Recommendations in Vietnam

Here are some recommendations on places in Vietnam, from a trip my wife and I took April 28-May 12, ’05.

We found three good eating places in HANOI.

At the Cyclo Bar restaurant and garden (38 Duong Thanh Street), you sit on barely converted cyclos (3-wheeled bicycles that carry passengers). The food is Vietnamese with a strong French flavor. Figure about $5 for a beautiful steak.

Under the same management is the Green Tangerine (48 Hang Be), where we dined the following evening. This restaurant is a beautifully converted old French house. With a menu similar to that of the cyclo bar, it had the same young French chef, Stephane Yvan (his business card had both restaurants’ names on it). Mme Chirac, wife of the French president, prefers the Green Tangerine; she was photographed with the chef.

Another eating place we enjoyed was the Little Hanoi, a little downmarket from the others but popular with the older Europeans. We had enormous sandwiches, chicken and salad plus two soft drinks for 80,000 dong (near $5), but there were fuller meals on the menu for not much more.

If you still have that book you bought to read on the plane, get down to The Book Exchange (35 Hang Giay Street, Hanoi) — a tremendous selection at rock-bottom prices.

I bought a book by American historian Barbara Tuchman, first published in 1957 and about 500 pages long, for 60,000 dong ($4). My wife bought “Memoirs of a Geisha” for about the same price. They had two floor-to-ceiling shelves eight meters long, at least, the vast majority in English.

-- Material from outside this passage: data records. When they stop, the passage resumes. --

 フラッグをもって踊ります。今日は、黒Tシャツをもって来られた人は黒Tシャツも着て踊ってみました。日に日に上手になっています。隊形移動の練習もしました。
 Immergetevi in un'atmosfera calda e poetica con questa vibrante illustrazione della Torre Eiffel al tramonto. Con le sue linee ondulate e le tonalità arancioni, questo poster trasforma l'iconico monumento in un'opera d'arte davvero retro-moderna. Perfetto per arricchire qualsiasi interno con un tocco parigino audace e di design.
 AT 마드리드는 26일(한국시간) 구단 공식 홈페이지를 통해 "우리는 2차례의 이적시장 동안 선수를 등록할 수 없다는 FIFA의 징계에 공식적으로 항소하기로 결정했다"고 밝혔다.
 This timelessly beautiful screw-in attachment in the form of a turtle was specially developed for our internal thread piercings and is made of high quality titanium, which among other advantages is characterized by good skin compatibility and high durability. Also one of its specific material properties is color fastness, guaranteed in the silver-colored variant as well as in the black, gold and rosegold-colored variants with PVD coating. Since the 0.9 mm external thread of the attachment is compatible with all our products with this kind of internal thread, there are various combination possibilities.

In HOI AN, try the cookery classes at Hai’s Scout Café. For 100,000 dong ($6), you get a hands-on cookery lesson and the full meal (www.visithoian.com).

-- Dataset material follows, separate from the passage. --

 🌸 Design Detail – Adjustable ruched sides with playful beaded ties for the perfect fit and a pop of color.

We stayed at the Cua Dai Hotel (www.hoianhospitality.com) — downmarket, perhaps. $25 for two, breakfast included. We really enjoyed sitting on the rattan chairs on the balcony sipping the free tea, available 24 hours a day. Really friendly staff.

While you are in Hoi An, you may wish to buy a ticket ($5) to visit the Old Town; there are ticket kiosks all over town. It gives you admission to five of the following: three museums, four old houses, three assembly halls, a traditional music concert, a handicraft workshop and the Japanese Bridge. You can buy as many tickets as you wish and thus see them all! The money goes to maintain this UNESCO World (Cultural) Heritage Site — a real haven of peace, I assure you!

You might also like to take a trip to MY SON, another World Heritage Site. Admission is 60,000 dong. It is best to be there at opening time, 6:30 a.m. You will be almost on your own and avoid the heat of the day.

At My Son you can see, in a luxuriant jungle setting, some magnificent Hindu temples built by the ancient Champa people. Some of the temples were destroyed in the war of 30-odd years ago, but what remains is worth the early start.

In HUE, there’s the Citadel, of course. Much of the surrounding area was destroyed in the war. But you can also take a trip up/down the Perfume River to visit temples and palaces — a trip not to be missed. For one temple visit, a final stage had to be taken on the back of a motorbike.

We do so agree with ITN reader Ted Mullet (June ’05, pg. 36). The Vietnamese are so friendly — as well as helpful and charming.